→ **Requirement**: Scan the records for "from". Report each line that includes it.

*** Exercise data ***

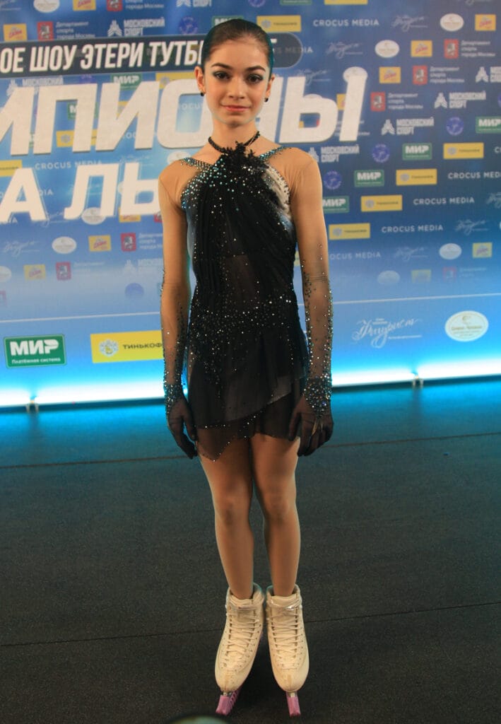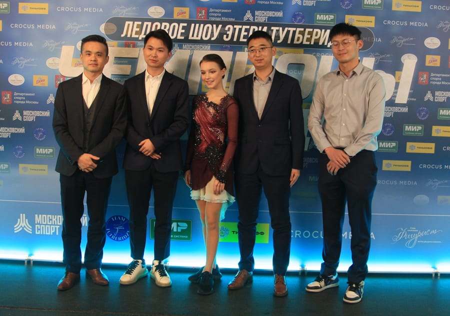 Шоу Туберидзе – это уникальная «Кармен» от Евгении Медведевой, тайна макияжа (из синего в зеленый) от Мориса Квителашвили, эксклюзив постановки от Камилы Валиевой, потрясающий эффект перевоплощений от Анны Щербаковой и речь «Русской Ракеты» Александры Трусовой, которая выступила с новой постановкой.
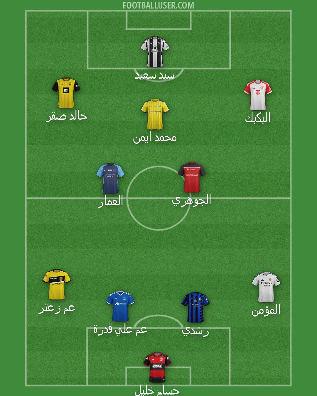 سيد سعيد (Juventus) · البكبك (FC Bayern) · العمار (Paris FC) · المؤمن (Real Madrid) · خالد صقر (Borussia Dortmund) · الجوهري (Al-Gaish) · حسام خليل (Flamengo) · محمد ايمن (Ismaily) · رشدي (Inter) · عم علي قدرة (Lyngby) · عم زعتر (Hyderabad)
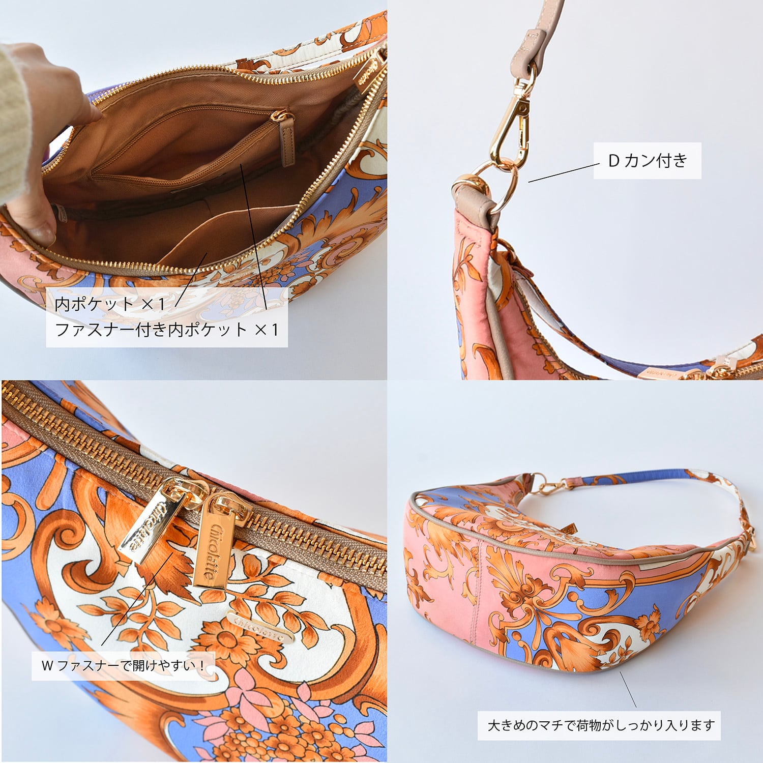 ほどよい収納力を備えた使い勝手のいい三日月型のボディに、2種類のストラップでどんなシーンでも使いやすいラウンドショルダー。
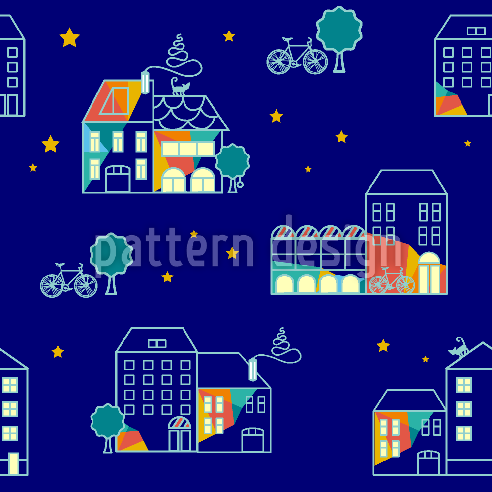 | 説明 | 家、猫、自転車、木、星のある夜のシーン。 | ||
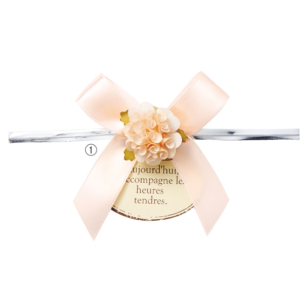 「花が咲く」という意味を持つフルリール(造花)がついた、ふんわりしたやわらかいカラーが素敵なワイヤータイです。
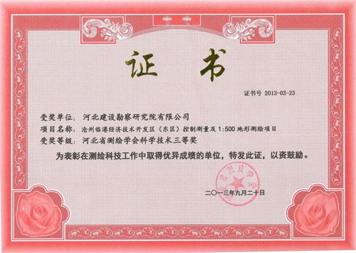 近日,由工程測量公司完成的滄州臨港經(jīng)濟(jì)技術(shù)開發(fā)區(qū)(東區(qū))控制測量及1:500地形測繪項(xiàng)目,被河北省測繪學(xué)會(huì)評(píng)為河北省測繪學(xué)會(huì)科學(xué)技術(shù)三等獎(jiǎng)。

*** End of Exercise data ***
*** Exercise data ***

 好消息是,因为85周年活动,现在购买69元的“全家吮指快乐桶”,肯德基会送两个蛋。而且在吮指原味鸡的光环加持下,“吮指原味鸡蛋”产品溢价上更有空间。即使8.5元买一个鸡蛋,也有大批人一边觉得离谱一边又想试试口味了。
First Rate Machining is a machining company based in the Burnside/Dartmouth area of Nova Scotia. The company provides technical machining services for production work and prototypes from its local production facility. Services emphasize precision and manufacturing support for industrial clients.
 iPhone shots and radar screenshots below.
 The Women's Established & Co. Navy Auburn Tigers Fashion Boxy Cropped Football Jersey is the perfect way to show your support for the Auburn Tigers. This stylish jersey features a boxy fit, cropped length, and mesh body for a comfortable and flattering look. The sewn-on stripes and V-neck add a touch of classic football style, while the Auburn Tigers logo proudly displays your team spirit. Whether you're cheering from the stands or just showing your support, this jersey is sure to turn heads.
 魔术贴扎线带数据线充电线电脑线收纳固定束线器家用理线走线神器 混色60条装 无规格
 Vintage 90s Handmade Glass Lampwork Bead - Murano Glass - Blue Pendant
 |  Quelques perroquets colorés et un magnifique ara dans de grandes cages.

*** End of Exercise data ***

→ **Written response**:
First Rate Machining is a machining company based in the Burnside/Dartmouth area of Nova Scotia. The company provides technical machining services for production work and prototypes from its local production facility. Services emphasize precision and manufacturing support for industrial clients.
 The Women's Established & Co. Navy Auburn Tigers Fashion Boxy Cropped Football Jersey is the perfect way to show your support for the Auburn Tigers. This stylish jersey features a boxy fit, cropped length, and mesh body for a comfortable and flattering look. The sewn-on stripes and V-neck add a touch of classic football style, while the Auburn Tigers logo proudly displays your team spirit. Whether you're cheering from the stands or just showing your support, this jersey is sure to turn heads.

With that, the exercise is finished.